Records from a collection
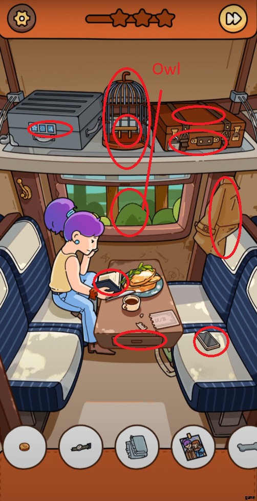 探し出す:何かと隠しオブジェクトを探すには、新しいチャプターとレベルが継続的に導入されています。 3 つの異なるモードがあり、それぞれが解決するためのトリッキーなパズルを提供しています。最初のものは、隠されたオブジェクトを見つけるだけでなく、それらを利用してパズルを解くように求めます。レベル 18 は、女性が本を読んでいるときに座席に座っている電車の中で行われます。探偵スキルを使って隠されたアイテムを見つけ出し、ミステリーを解いてそこで何が起こったのかを突き止めましょう。列車には、ハンギング コート、オウムのケージ、ブリーフケース 2 つ、テーブルなど、いくつかのものが含まれています。レベルを完了するには、レベル 18 のチュートリアルを見つけるに記載されている手順に従う必要があります。 .
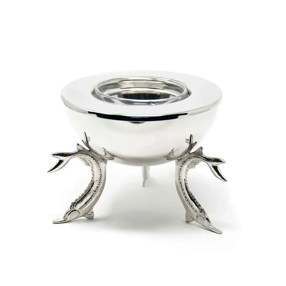 Presenting a sophisticated server adorned with sturgeon accents, designed to maintain the optimal temperature of your caviar for an extended duration without condensation, all thanks to its double-walled construction.
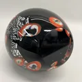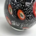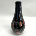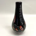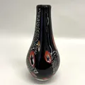 Vas, höjd 32cm, droppformad, osignerad, möjligen Alfredo Barbini, Murano, Italien, svart glasmassa med dekor av millefiori i svart och rött samt silverfoliering Skickas med postpaket.
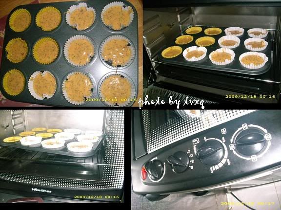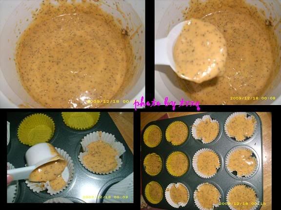 3。将已搅拌好的预混料平均地分配在蛋糕纸杯上,(每个约2/3满)。
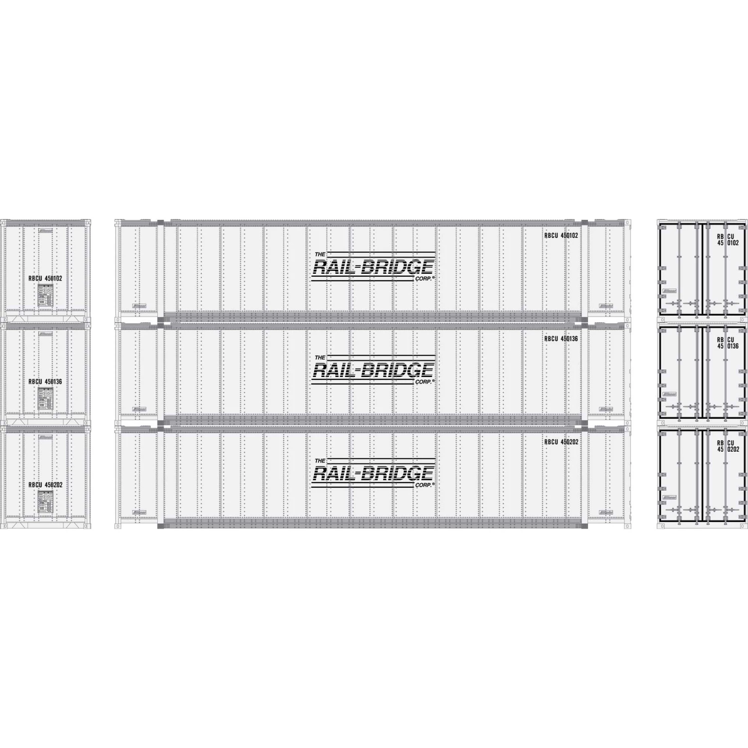 Athearn N 48′ Container, Rail Bridge #2 (3) for Freight Cars
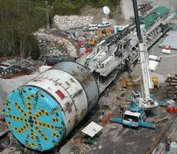 A continuous lining of 500 mm (19.7 in) thick pre-cast concrete segments is being erected to line the tunnel as the TBM bores. Muck is being transported from the jobsite by a network of conveyors. A unique conveyor system, provided by Robbins, is integrated directly to the back-up system and reduces the number of transfer points between conveyors.

▸ EXERCISE BRIEF
Copy the lines of the records, beginning where the line containing "3。将已搅拌好的预混料平均地分配在蛋糕纸杯上,(每个约2/3满)。" appears and continuing through the final line, exactly and with no pictures.

▸ EXERCISE ANSWER
 3。将已搅拌好的预混料平均地分配在蛋糕纸杯上,(每个约2/3满)。
 Athearn N 48′ Container, Rail Bridge #2 (3) for Freight Cars
 A continuous lining of 500 mm (19.7 in) thick pre-cast concrete segments is being erected to line the tunnel as the TBM bores. Muck is being transported from the jobsite by a network of conveyors. A unique conveyor system, provided by Robbins, is integrated directly to the back-up system and reduces the number of transfer points between conveyors.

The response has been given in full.